DATA FOR THE TASK section start

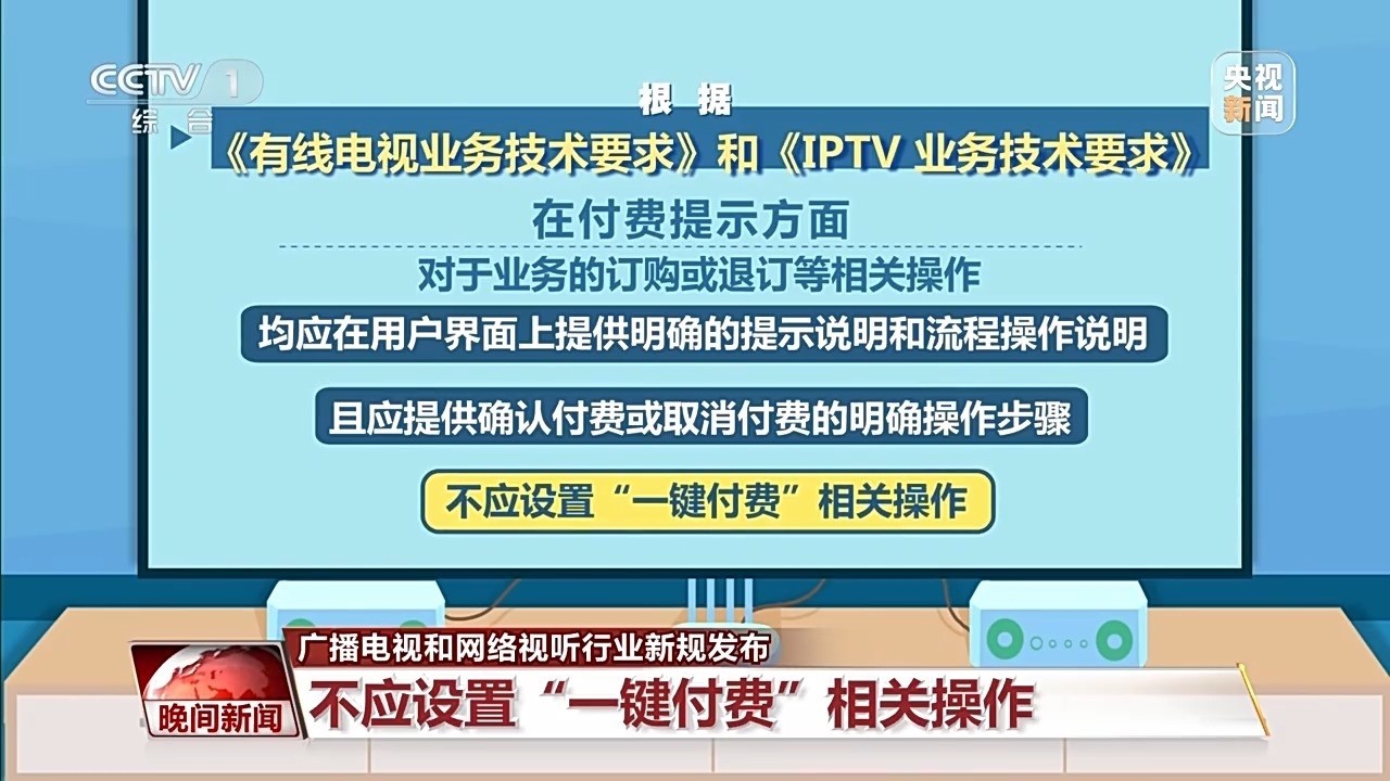 在付費(fèi)提示方面,對(duì)于業(yè)務(wù)的訂購(gòu)或退訂等相關(guān)操作,均應(yīng)在用戶界面上,提供明確的提示說(shuō)明和流程操作說(shuō)明,且應(yīng)提供確認(rèn)付費(fèi)或取消付費(fèi)的明確操作步驟,不應(yīng)設(shè)置“一鍵付費(fèi)”相關(guān)操作。此外,有線電視和IPTV遙控器應(yīng)具備快捷看直播頻道的按鍵,通過(guò)此按鍵直接進(jìn)入全屏直播,按鍵名稱(chēng)應(yīng)為“看電視”。
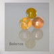 Three orange glass marbles balanced atop one another, reflected in table surface.
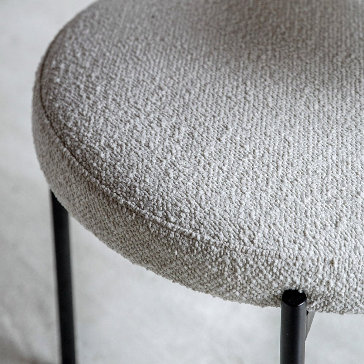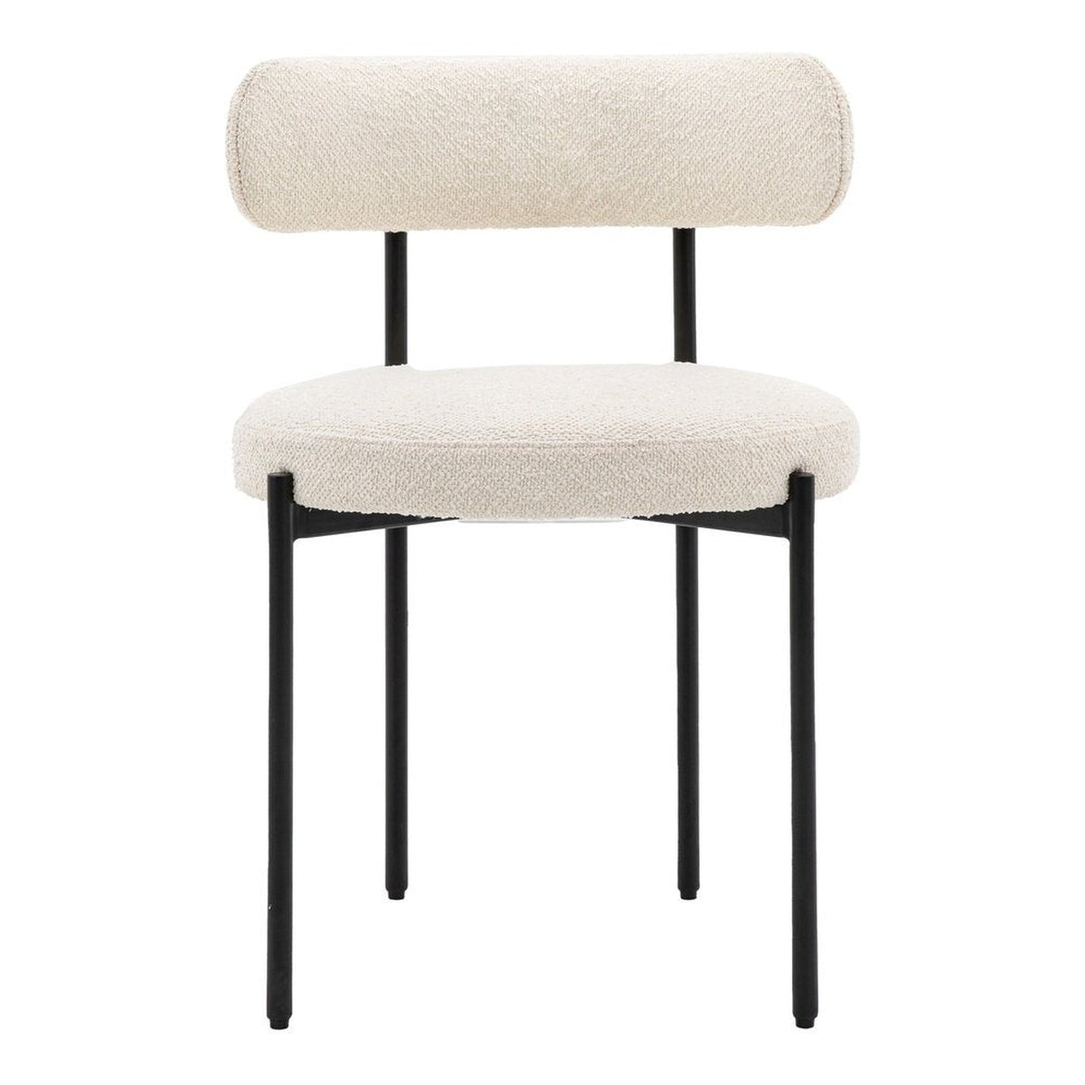 Add a stylish design touch to a room with this pack of two stunning dining chairs. The seats and back rails are upholstered in a lovely cream fabric, with the curved back echoing the shape of the round seat, and the black metal legs and frame perfectly complementing these. Also available in other colours.
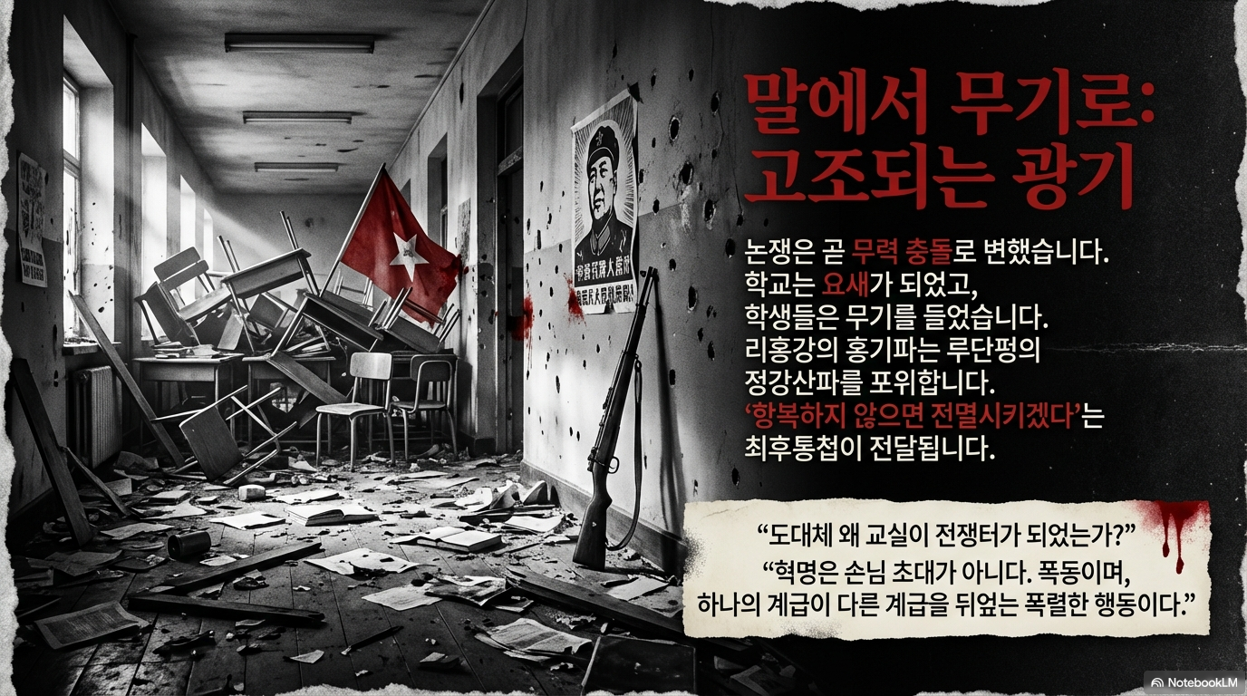 이러한 언어적 세뇌는 '동지'에서 '반동'으로의 변모를 순식간에 정당화합니다. 리훙강과 루단펑의 대화에서 보듯, "노선이 다르면 개인적 행복은 없다"는 논리는 청년들의 가치관을 왜곡하여, 한때의 소중했던 추억을 '혁명의 장애물'로 전락시킵니다. 이제 이 언어적 낙인이 어떻게 무장 투쟁이라는 물리적 실체로 변모했는지 살필 차례입니다.
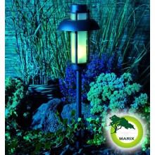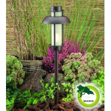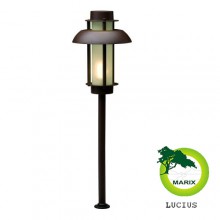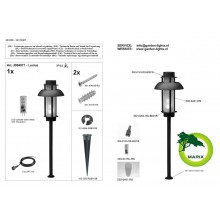 Lampa stojąca wykonana z aluminium malowanego proszkowo. Klosz wykonany ze matowego szkła hartowanego powoduje sferyczne rozchodzenie światła. Razem z lampą jest w zestawie stopka z kołeczkami i wkrętami a także grot do mocowania lampy w ziemi. Na innych aukcjach dostępne są akcesoria do podłączenia i zasilania lamp (transformator, przewody, rozgałęziacz)
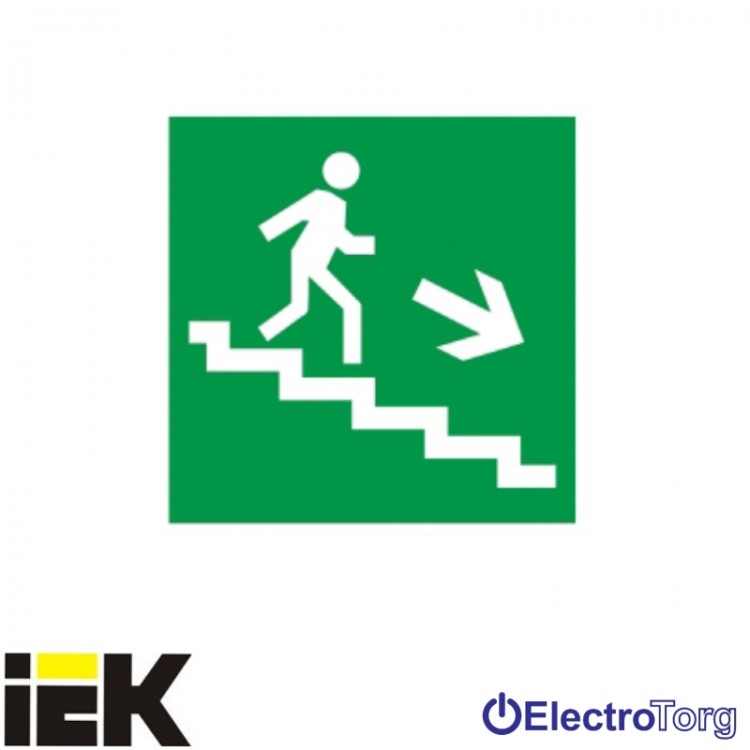 Самоклеющая этика 150х150мм "Направления к эвакуационному выходу по лестнице направо вниз" ИЭК
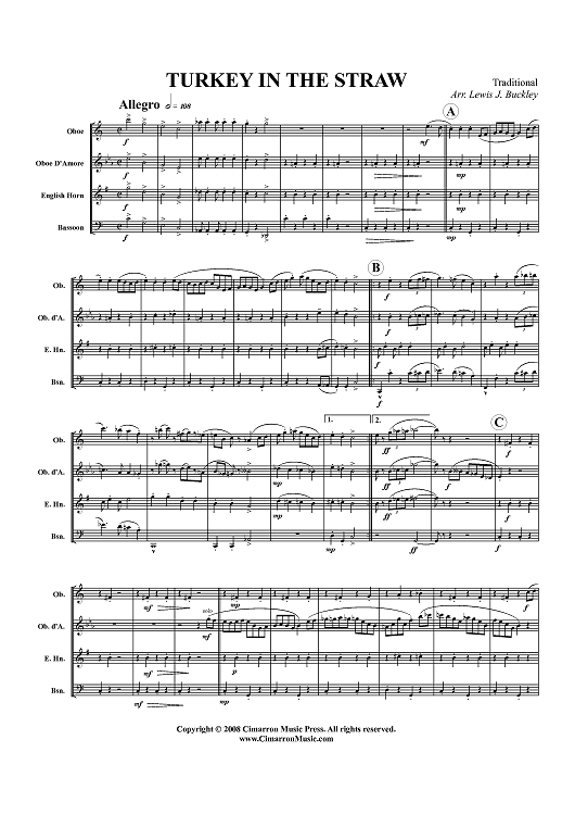 Digital Sheet Music for Turkey in the Straw - Score by Traditional, Lewis J. Buckley scored for Double Reed Quartet; id:414021

DATA FOR THE TASK section end

- _EXERCISE PROMPT_
Where a picture appears, omit it, and otherwise retype the material exactly.

- _ANSWER TO THIS TASK_
 在付費(fèi)提示方面,對(duì)于業(yè)務(wù)的訂購(gòu)或退訂等相關(guān)操作,均應(yīng)在用戶界面上,提供明確的提示說(shuō)明和流程操作說(shuō)明,且應(yīng)提供確認(rèn)付費(fèi)或取消付費(fèi)的明確操作步驟,不應(yīng)設(shè)置“一鍵付費(fèi)”相關(guān)操作。此外,有線電視和IPTV遙控器應(yīng)具備快捷看直播頻道的按鍵,通過(guò)此按鍵直接進(jìn)入全屏直播,按鍵名稱(chēng)應(yīng)為“看電視”。
 Three orange glass marbles balanced atop one another, reflected in table surface.
 Add a stylish design touch to a room with this pack of two stunning dining chairs. The seats and back rails are upholstered in a lovely cream fabric, with the curved back echoing the shape of the round seat, and the black metal legs and frame perfectly complementing these. Also available in other colours.
 이러한 언어적 세뇌는 '동지'에서 '반동'으로의 변모를 순식간에 정당화합니다. 리훙강과 루단펑의 대화에서 보듯, "노선이 다르면 개인적 행복은 없다"는 논리는 청년들의 가치관을 왜곡하여, 한때의 소중했던 추억을 '혁명의 장애물'로 전락시킵니다. 이제 이 언어적 낙인이 어떻게 무장 투쟁이라는 물리적 실체로 변모했는지 살필 차례입니다.
 Lampa stojąca wykonana z aluminium malowanego proszkowo. Klosz wykonany ze matowego szkła hartowanego powoduje sferyczne rozchodzenie światła. Razem z lampą jest w zestawie stopka z kołeczkami i wkrętami a także grot do mocowania lampy w ziemi. Na innych aukcjach dostępne są akcesoria do podłączenia i zasilania lamp (transformator, przewody, rozgałęziacz)
 Самоклеющая этика 150х150мм "Направления к эвакуационному выходу по лестнице направо вниз" ИЭК
 Digital Sheet Music for Turkey in the Straw - Score by Traditional, Lewis J. Buckley scored for Double Reed Quartet; id:414021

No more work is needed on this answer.